NEW MEXICO—One of my census assignments was to count a local pueblo, and I received plenty of advice before I got there. I was told I shouldn’t look anybody in the eye because it’s disrespectful, and that I wouldn’t be trusted because I’m a white, blonde girl.
All that was the furthest from what I experienced. After all the hype about me not being trusted, I got to the pueblo and talked to the nicest people. They offered me water or candy and would ask me to come in. One lady even opened up her gate for me to drive in, then got out lawn chairs to sit for the interview.
They were so welcoming. The majority of the population was Native American, with very few Hispanics and whites.
Enumerating a pueblo was very different from enumerating in a secular housing area. If people were home, they actually answered their door! Nobody hides from you, and they were very forthright in answering all of your questions for themselves or even their neighbors. If they knew the information, they gave it to me, and most of the time, they knew.
And one thing is nobody I interviewed said or acted like they hated the U.S. Government, which was different than my other assignments.
The hardest part was finding addresses. Many of the homes were not marked, and the residents themselves didn’t know even their own physical address because they picked up their mail at the post office. But if you knew a name, they could tell you where that person lived. There also wasn’t any order to the house numbers. You’d be looking for residence No. 41, and you’d find No. 39, and No. 43, with nothing in between except a disheveled, probably vacant trailer half a mile off the road with only a fence and 6-foot weeds in between.
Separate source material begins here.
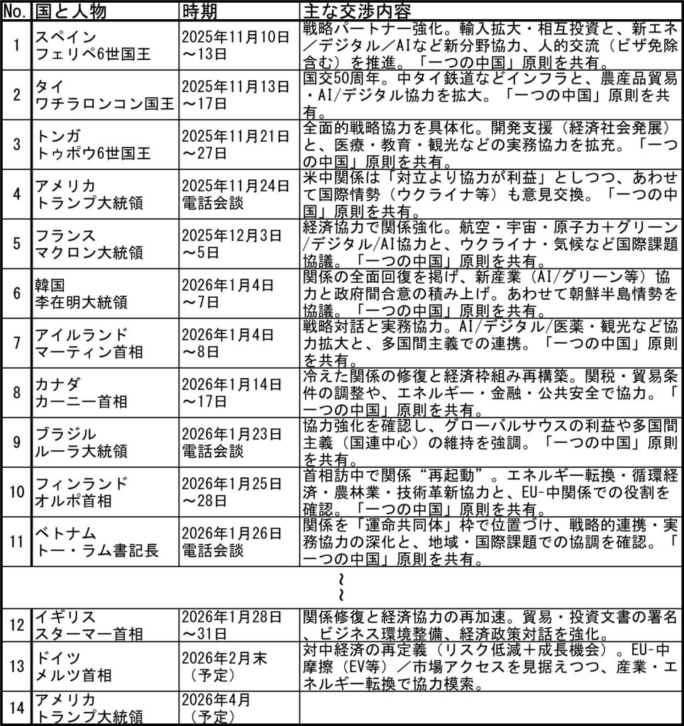 図表:「高市発言」後の諸外国首脳&国王の「北京詣で」(電話会談も含む)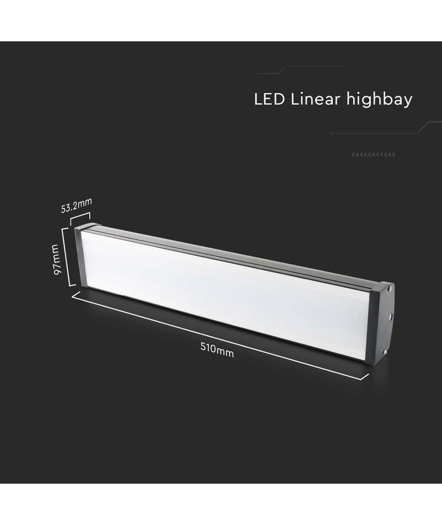 Lampans robusta design gör den idealisk för såväl inomhus- som utomhusbruk. Med ett IP65-skydd klarar den av både vattenstänk och regn, vilket gör den lämplig för installation i krävande miljöer. Dess dimensioner är 510 x 53.2 x 97 mm.

So I would call the Tribal Office and ask them who the owner of the property was and then go back to the neighborhood with a name. That was how I found many addresses. If someone wasn’t home, there was always somebody around who’d lived there for thirty years and knew everyone. So I had plenty of proxies that would give me a full interview and I could close the case. Of the many residences I went to, only one person wouldn’t talk to me.
One time I was looking up and down the street for an address and I went to every single residence and knocked and couldn’t find anybody home, and finally I came upon this lady sleeping on the porch of an old dilapidated house. Her dogs woke her up with their barking. I asked her about the address I was looking for. She told me the house belonged to her niece, then gave me all the information I needed so I didn’t have to go to the niece’s house. And even most of the dogs on the reservation were gentle—they mostly ran free. If they were chained or fenced in, then they probably weren’t nice.
Most of the residences were small adobes or trailers. The yards were all mostly dirt, without grass. The actual pueblo itself was about a square mile, and it looked and felt like a small town, with a church and large open space where they held their ceremonies in the center. All of the houses were basically stacked on top of each other. There were no backyards, only front yards with narrow dirt roads in between. And there were no street lights, so you couldn’t be there after dark.
Also confusing was that the Tribe does its own census. On my first day, half the houses told me they had already done the census because the Tribal census was done a month earlier. But the Tribal Census doesn’t count the population, it counts property ownership.
I had so much fun there. I really enjoyed it.